_YOUR GOAL_
Retype exactly the lines from the one that contains "调转为 F 调回忆部分转到" through the end of the listing, both included, but not the pictures.

_DATA_
========

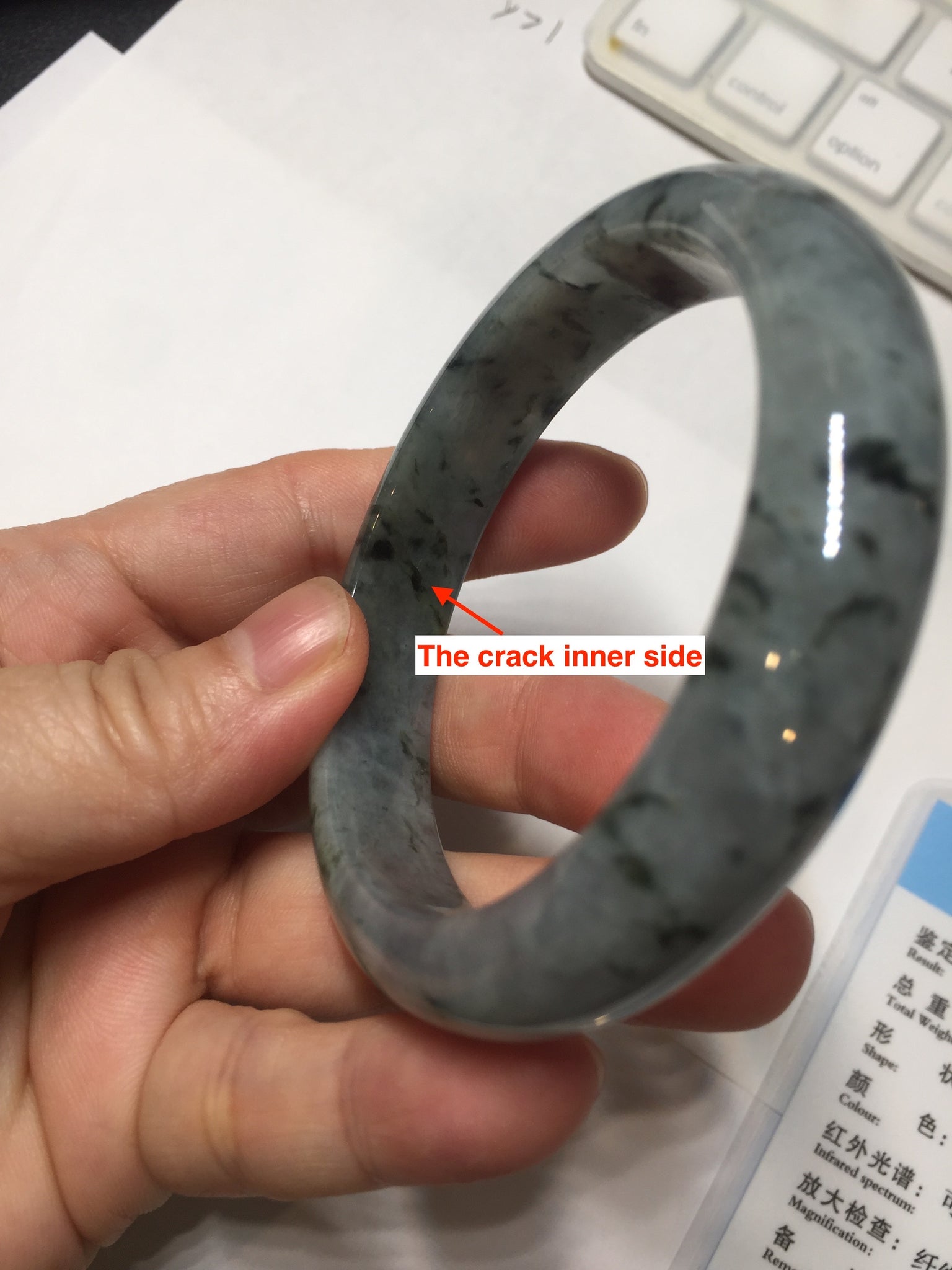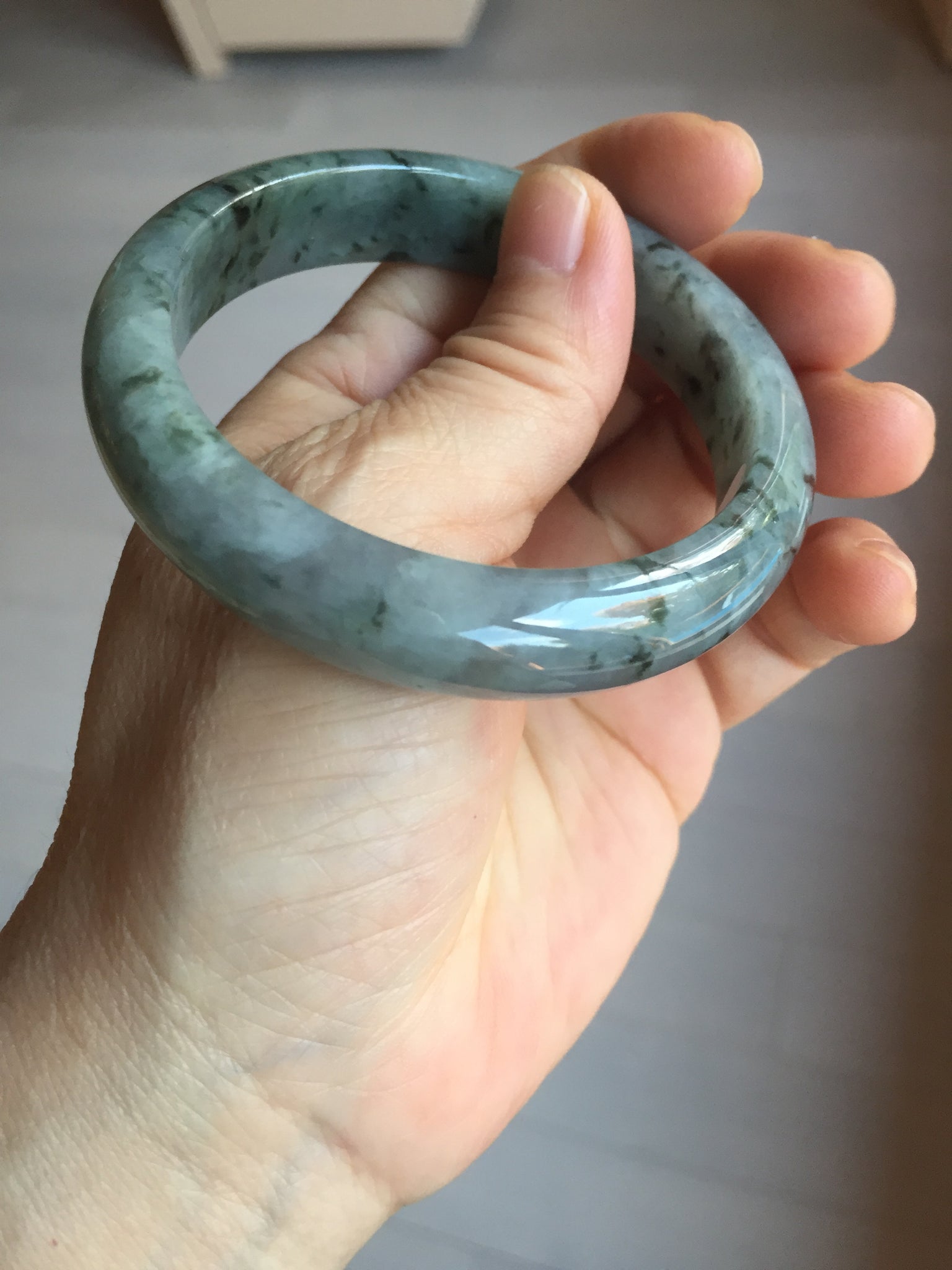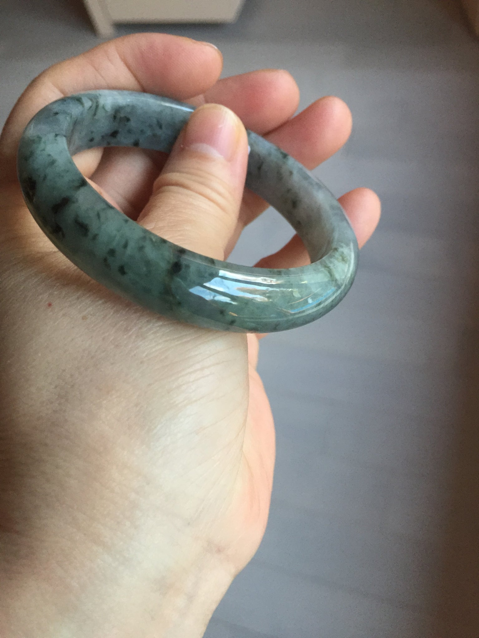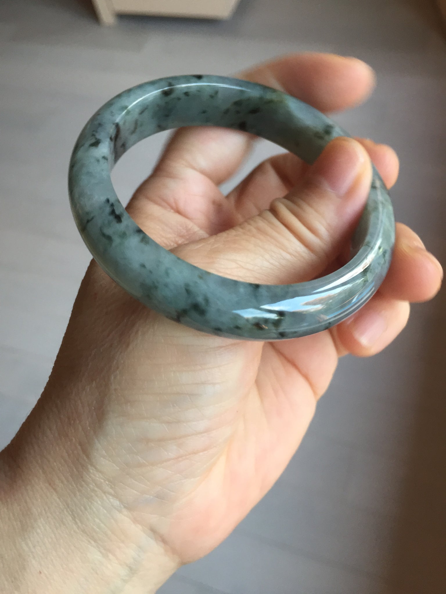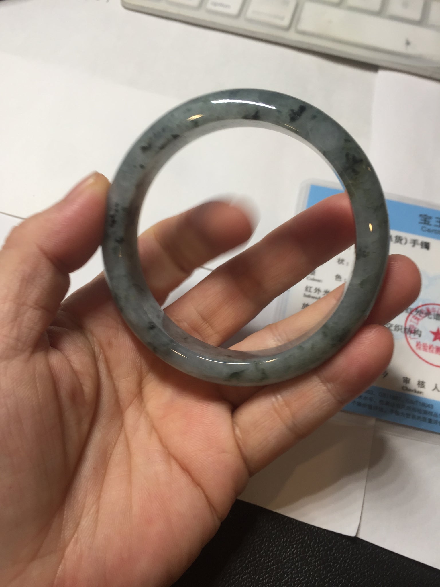 One around the bangle crack with a tiny amount of wax. Some surface cracks and small rough surfaces. The bangle is solid(Guaranteed!). Make high pitch sound when tapped. Some hairlines, cotton lines, cotton areas, and cotton spots. No transparent. The purple is super light. Way lighter than in the photos due to the purple color always more camera friendly.
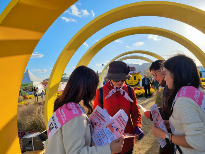 | ▲ 강진군 주민복지과 직원들이 한 행사장에서 주민 및 관광객들을 대상으로 국민기초생활보장제도에 대해 홍보하고 있다. / 강진군 제공 |
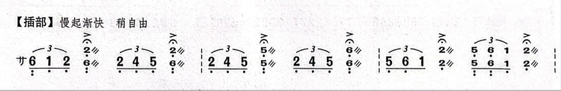 插部这一段开头慢起渐快,三连音和重音的出现,加强了层次感与戏剧性,把情感从低沉转向了豪放,音乐从低音区的凄凉转向高昂的旋律中去,旋律从 G 调转为 F 调回忆部分转到 D 调,形成调性对比,音乐的交替演奏展现出了屈原坚持理想的不屈精神,通过力度变化和对音色的对比,又加了重音的技法,传递出了屈原愤懑的情绪,插部段落还有大部分的滑音,快速轮音等演奏技巧,需要我们在这里多加练习,带入情感来进行演奏。
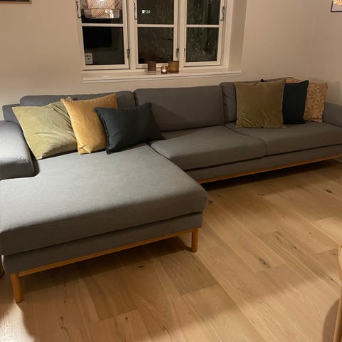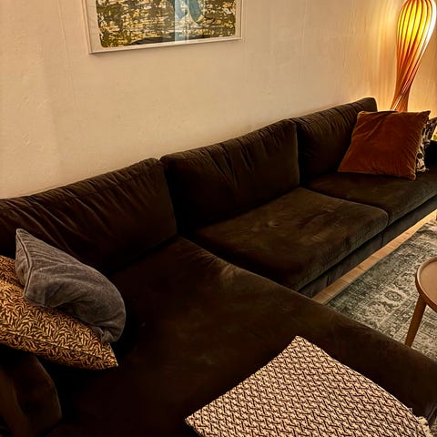 Sofa/Chaiselong fra Sofacompany i Matt Beige velour,model Vivica,puder i fløjl.

========

_THE COMPLETED TASK_
 插部这一段开头慢起渐快,三连音和重音的出现,加强了层次感与戏剧性,把情感从低沉转向了豪放,音乐从低音区的凄凉转向高昂的旋律中去,旋律从 G 调转为 F 调回忆部分转到 D 调,形成调性对比,音乐的交替演奏展现出了屈原坚持理想的不屈精神,通过力度变化和对音色的对比,又加了重音的技法,传递出了屈原愤懑的情绪,插部段落还有大部分的滑音,快速轮音等演奏技巧,需要我们在这里多加练习,带入情感来进行演奏。
 Sofa/Chaiselong fra Sofacompany i Matt Beige velour,model Vivica,puder i fløjl.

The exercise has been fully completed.